I wish I could fold my tongue up into origami and lock it away where it couldn’t cause any more damage, but the way he stares at me nixes that plan.  I start rambling.  “I meant...not that you find me—  It’s just that you’d fall into that category, for me at least, of knowing nothing could ever....  But I guess that’s a bad example, really, because of the history there—”    

“No, that’s...that’s a good example.”  Landon sits up straight and clears his throat again, pushing his hand through his hair.  I’m glad he grew it out since high school, even if I wish I didn’t notice how much better it suits his face.  How it almost softens all those harsh, calculated lines.  “You and I wouldn’t end up together, for a lot of reasons, one of which is simply that...we wouldn’t want to.”    

He looks at me again, and it takes me a beat too long to realize he’s waiting for my agreement.  I nod a little too eagerly.    

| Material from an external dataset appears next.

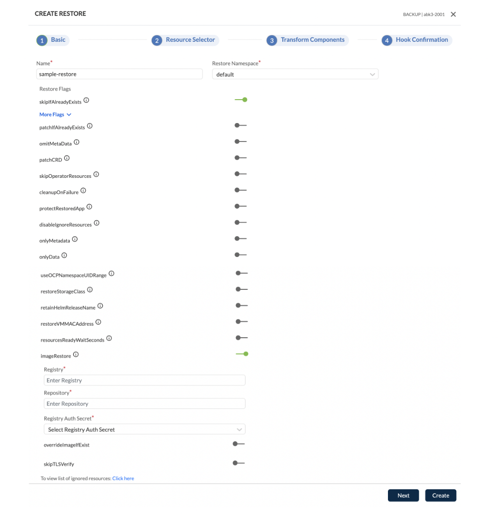 2. If the user already has the images in the restore registry with the same name but the image is different. We, by default, generate a new tag for the restored image. If the user wants to override the existing image, he can enable restoreFlags.overrideImageIfExist.

“So,” he finishes, “it’d just be a question of sexual attraction.”    

“Hmm.”  I nod again. A good example. But not a good idea.    

So why is it starting to feel like one?    

Landon would be a god-awful boyfriend.  All rules and protocol and painful memories I still can’t make sense of.  He wasn’t even a good friend, by the end of things.  And what I know of him now, none of that has changed.    

As for the sexual attraction element...I could see that.  I could definitely see that.  He's achingly attractive—emphasis on “ache,” because it physically hurts to look at him and ignore the burn between my legs, and that crash-cart flutter in my chest.    

I don’t want Landon Dune.  He doesn’t want me.  That will never change.    

And that’s exactly why he’d be the perfect guy to get in my bed.